Of course, Christians also sin, and as such, “bringing your whole self to work” can also mean bringing greed, lust, pride, envy, prejudice, and laziness to the workplace as well. I myself have been a fine example of many of these vices to my coworkers and family. Yet, it’s in moments of being drawn to addiction, self-aggrandizement, or brute selfishness that I need God in my own work all the more. Russian novelist Alexander Solzhenitsyn once wrote in The Gulag Archipelago, “The line separating good and evil passes not through states, nor between classes, nor between political parties either — but right through every human heart….” I think many of us are tempted to believe that the problem with our world today is “them.” But daily I’m reminded that the greatest problem our world faces beats within my own breast.

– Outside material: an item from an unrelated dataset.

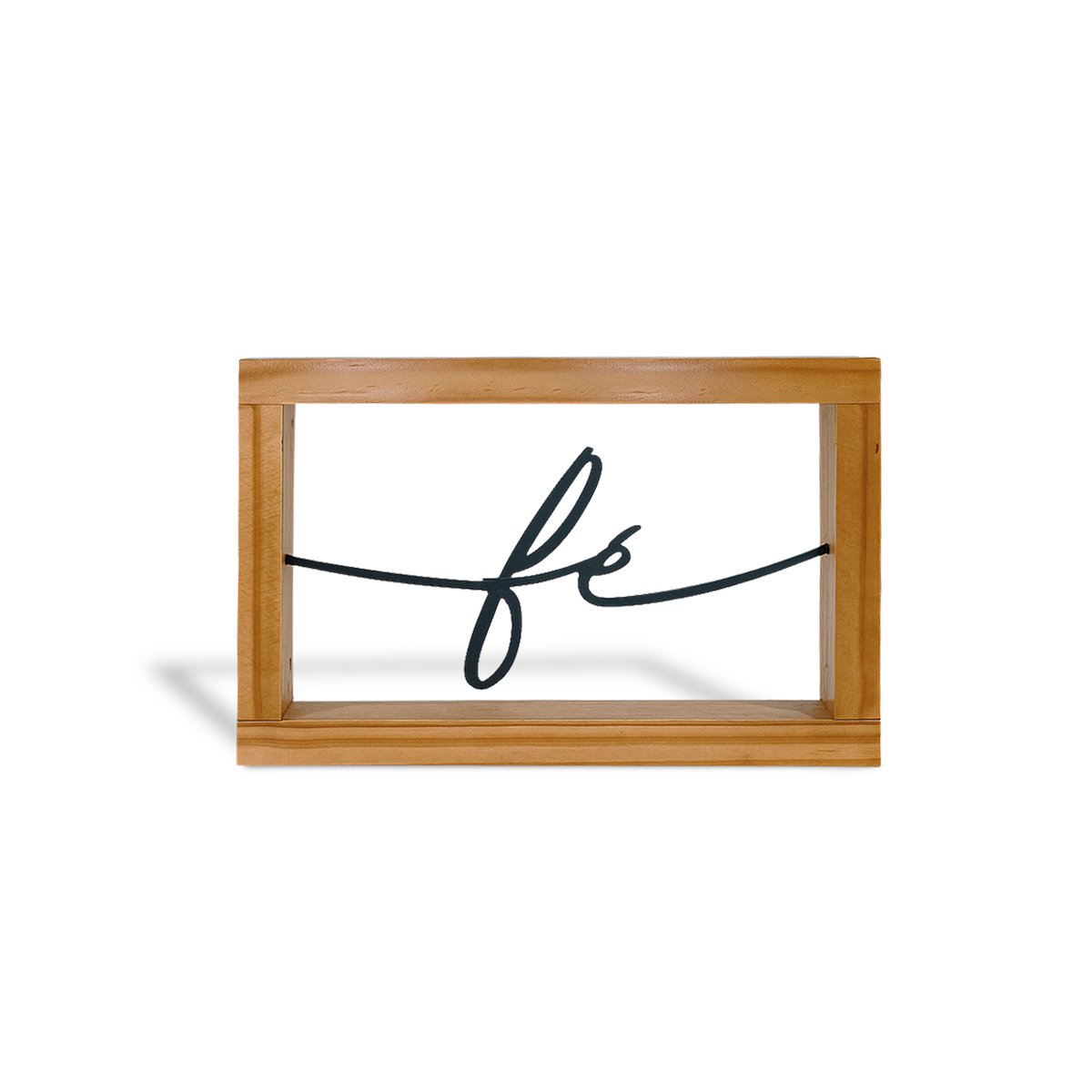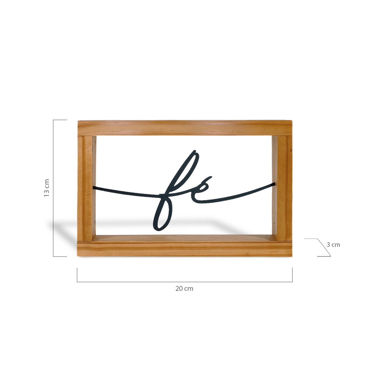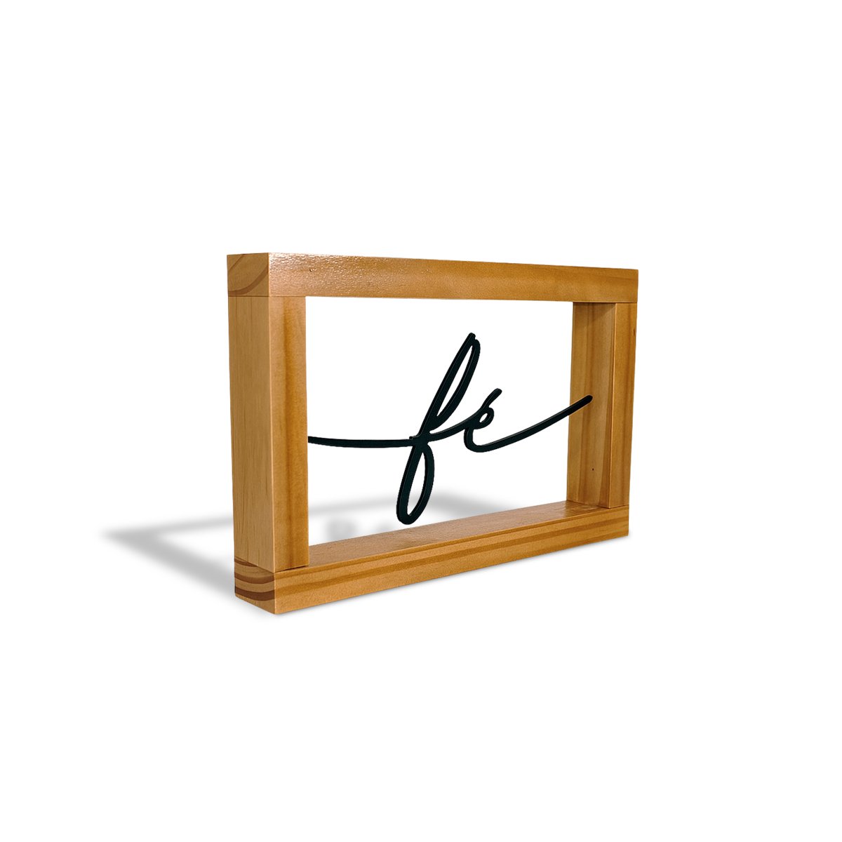 Espalhe afeto na decoração com a Escultura Moldura Fé – Ref. 10523006. Fabricada no Brasil em chapa de aço preta com base de madeira pinus tom nogueira, a peça leva a palavra “FÉ” recortada a laser para prateleiras, aparadores ou mesas de cabeceira.

Two millennia ago, when Jesus was being crowded by throngs of admirers, he hopped in a boat, pushed off from shore, and began to teach. Voice echoing off the water’s surface, he told the story of a farmer who found a treasure buried in a field. Wild with excitement, he sold all he had to buy the field, knowing that in the end he was getting an incredible deal. Similarly, he told the story of a merchant in search of pearls. When he found one, overcome with joy, he too sold everything he had just to possess that single treasure (Matthew 13:44-45).

When I was a boy, strolling along the shores of Lake Itasca and hunting for oysters, my work was simply to delight in the world around me. Now as an adult, nonprofit leader, husband, and father, my work now is to allow that same pearl of God’s grace to permeate my daily life. For me, like the headwaters of the Mississippi River, God is the Living Water who has given me new life (John 4:14-16). If everybody worships, as the late David Foster Wallace claimed, is it such a strange thing to acknowledge that source of life in our working life?

So why faith and work? Like a merchant finding a pearl — or a child finding a shell on a lakeshore — the answer for the Christian is simple: joy.

This post first appeared at Denver Institute.